Exercise aim: The reply should hold only the lines below beginning at the one with "お客様がお持ちのエメラルドリ" and ending at the one with "Carafe à whisky", copied exactly, with every picture left out.

Stored data entries:
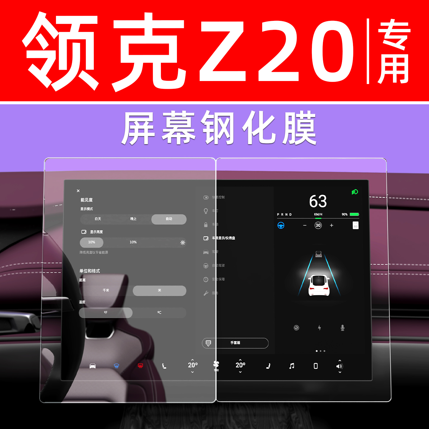 25款 领克Z20屏幕钢化膜中控导航车机膜仪表汽车用品显示屏保护膜
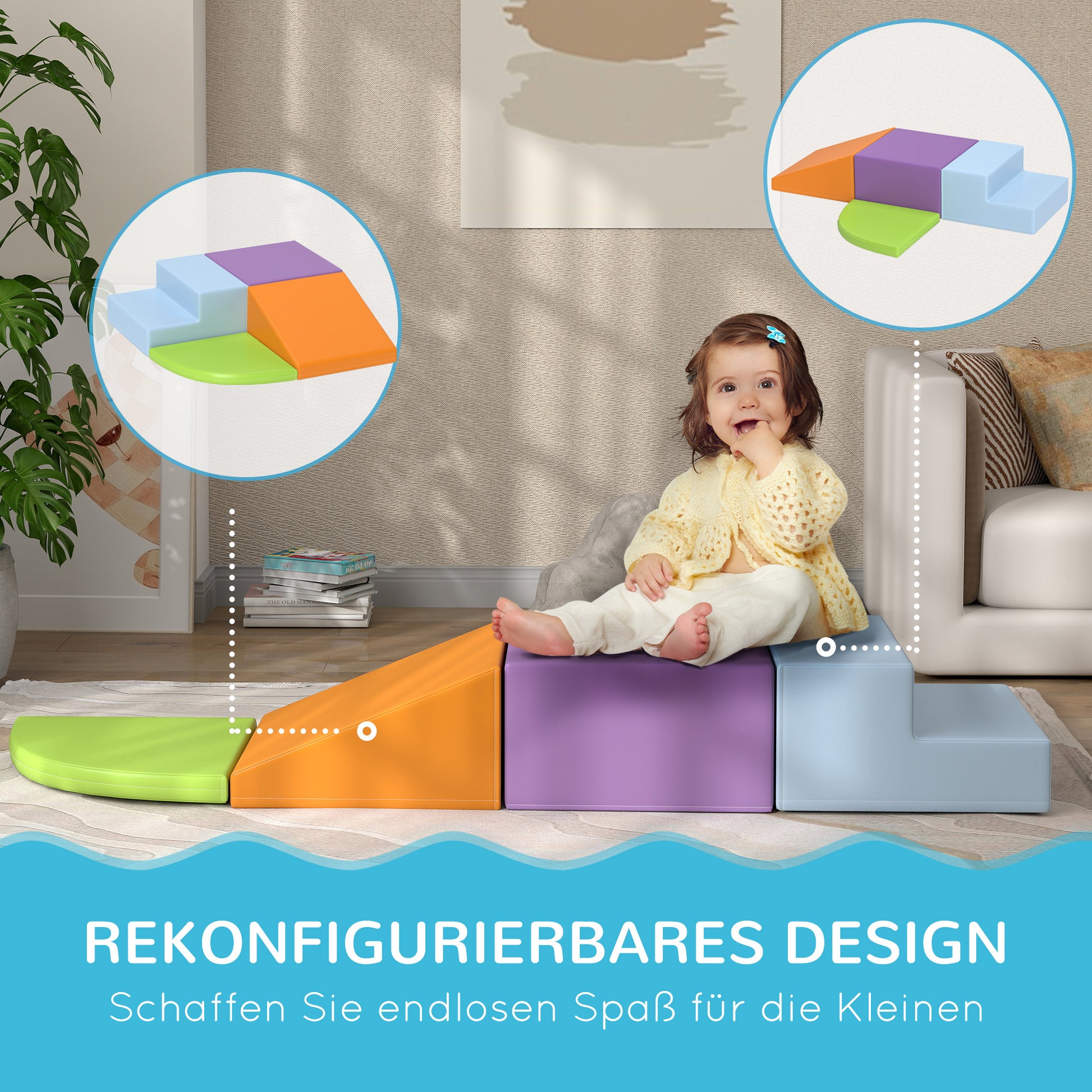 HOMCOM Ensemble de 4 Blocs de Construction en Mousse pour Enfants - Blocs de Construction Doux, Blocs Géants, Jouets de Construction, Grands Blocs en Mousse, Blocs de Jeu pour Bébés et Tout-Petits Multicolores
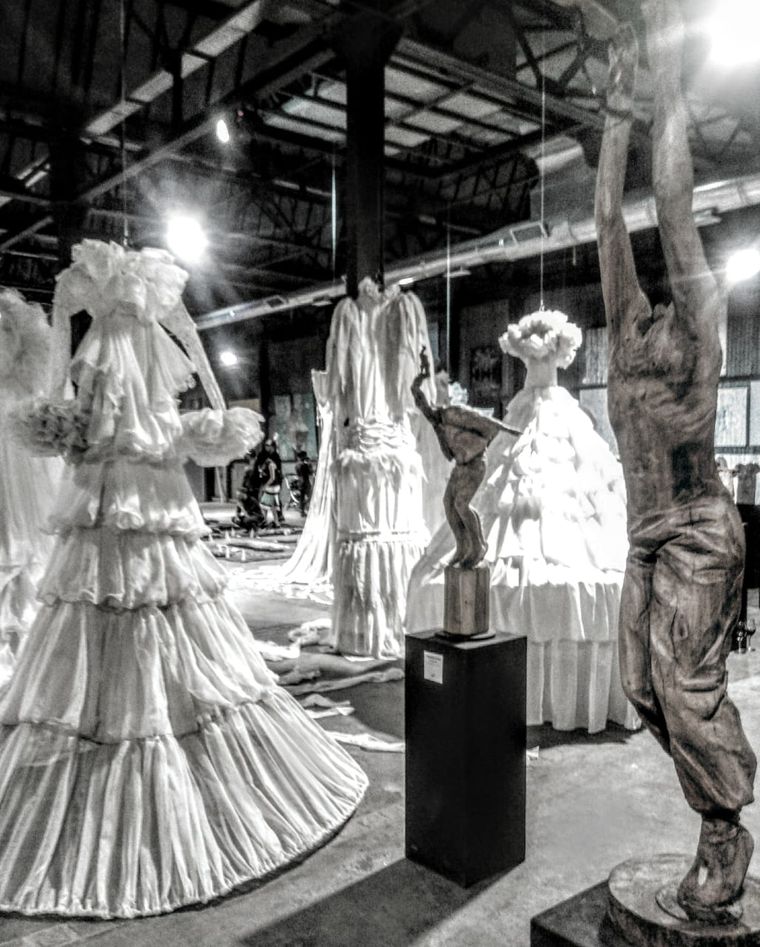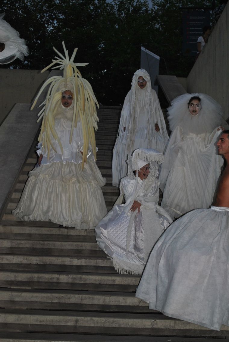 Uno de los hitos más recordados en su trayectoria fue la presentación de una serie de piezas blancas que exploraban la figura nupcial desde una perspectiva fantasmagórica. Aquella propuesta buscaba interpelar al espectador sobre los mandatos y las realidades ocultas tras el velo. El creativo detalla: “los vestidos de novia siempre me han gustado mucho, tanto en lo tradicional como en todos los significados que tiene, todo lo que está detrás de un vestido de novia, sobre todo en el pasado cuando los matrimonios eran arreglados”.
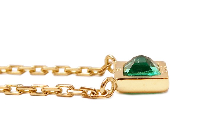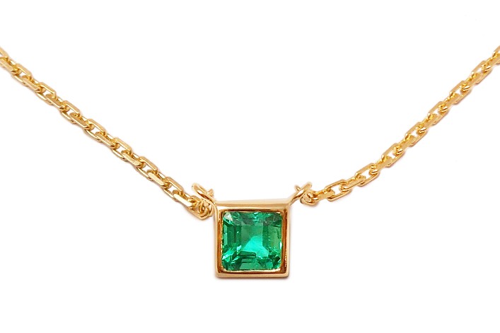 お客様がお持ちのエメラルドリングを、石の縁を地金で覆うベゼルセッティングデザインネックレスへジュエリーリフォームしました。
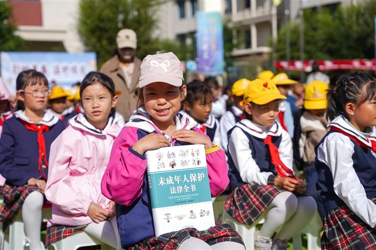 西藏自治区2025年“送法进校园”系列普法宣传示范活动中,孩子们领到《未成年人保护法律全书》。记者 贡曲罗杰 摄
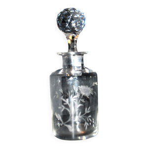 Carafe à whisky flacon pichet bouchon décor losanges, pointes, années 1960, 1970, verre
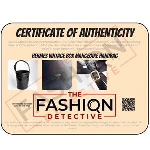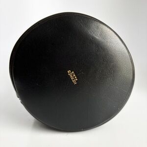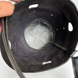 Preowned, vintage Hermes Sac de Mangeoire bag, likely made in the 1960s. Made from black box calf leather, its unique shape was originally influenced by French horse feeding troughs, and a nod to Hermes equestrian beginnings. Unlined, it features an adjustable strap that can be shortened for hand carry or lengthened to carry on the shoulder. The perforated holes can be adorned with a favorite scarf for added flair as we show in image 2 (scarf is shown for styling inspiration and is not included with this bag).
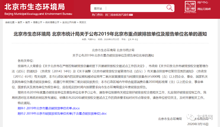 在2019年,《北京市生态环境局 北京市统计局关于公布2019年北京市重点碳排放单位及报告单位名单的通知》中,按照市政府《关于印发北京市碳排放权交易管理办法(试行)的通知》(京政发〔2014〕14号)及《关于调整〈北京市碳排放权交易管理办法(试行)〉有关重点排放单位管控范围的通知》(京政发〔2015〕65号)有关规定,北京市行政区域内的固定设施和移动设施年二氧化碳直接排放与间接排放量合计5000吨(含)以上的企业、事业、国家机关及其他单位为重点碳排放单位,应履行年度控制二氧化碳排放责任。
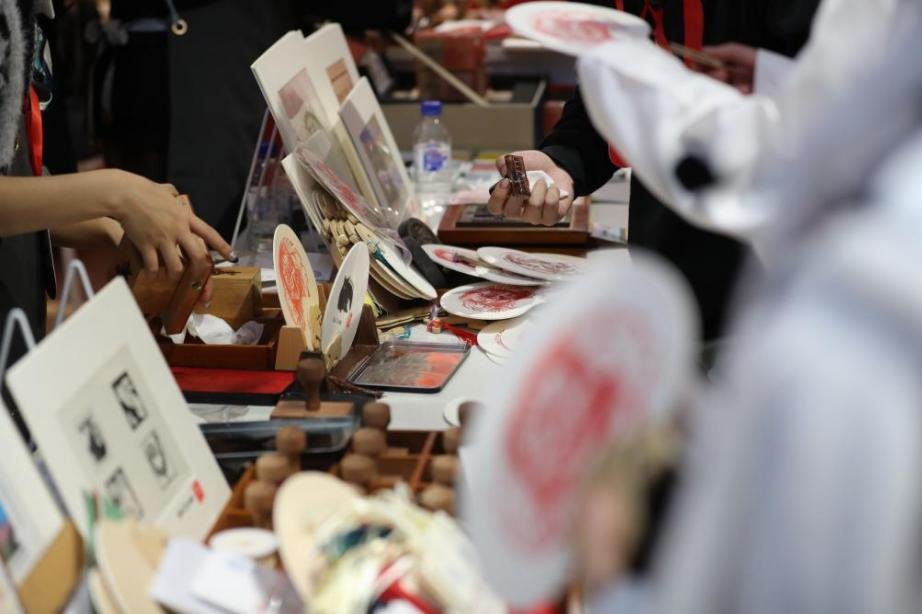 趣味与创意的体验区,有图案精美的动物刻章、十二生肖刻章、双色滚轮,拓印工具等,可亲自制作独属于自己的特色红包、书签、明信片、小扇子、摆台等版画工艺作品,体会印痕艺术的魅力,乐享和留存时间的印记。
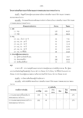 แบบประเมินส่วนใหญ่เป็นเพศหญิง จ านวน 145 ราย (ร้อยละ 53.71) มีอายุ 56 ปีขึ้นไป จ านวน 68 ราย
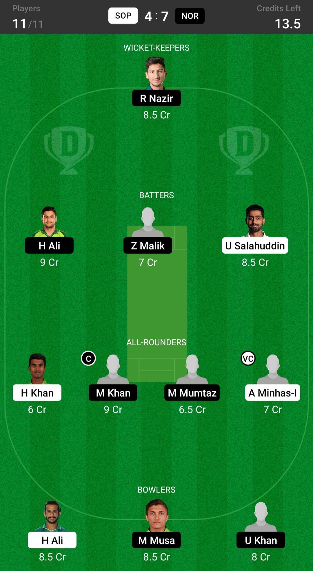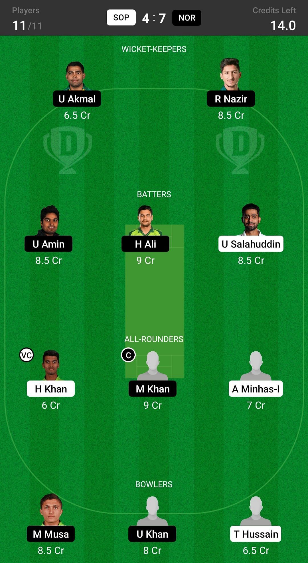 H Ali and U Amin are the two best batter picks. U Salahuddin has played well in the last few games, so he's also a good pick.
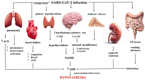 Thyroid function can be disrupted by the SARS-CoV-2 virus, leading to hypothyroidism. This condition is associated with reduced renal perfusion and a reduced glomerular filtration rate (GFR), which can enhance water retention and increase ADH activity. Furthermore, the combination of reduced renal function and increased ADH can lead to dilutional hyponatremia in hypothyroid patients [119].
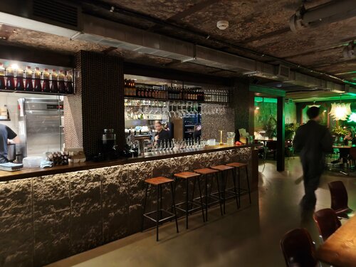 Заходили на перерыв и перекус в процессе прогулок между павильонами ВДНХ Из плюсов: очень низкое время ожидания заказа, выноса блюд и напитков, ценник стабильно московский Среди минусов здесь очень неудобная логистика внутри помещений, отсутствующие поручни на лестницах, единственная уборная на большое количество посадочных мест. Много позиций по барной карте отсутствовали в момент заказа, спасибо что сотрудники предупредили, но впечатление подпортило

Problem solution:
 お客様がお持ちのエメラルドリングを、石の縁を地金で覆うベゼルセッティングデザインネックレスへジュエリーリフォームしました。
 西藏自治区2025年“送法进校园”系列普法宣传示范活动中,孩子们领到《未成年人保护法律全书》。记者 贡曲罗杰 摄
 Carafe à whisky flacon pichet bouchon décor losanges, pointes, années 1960, 1970, verre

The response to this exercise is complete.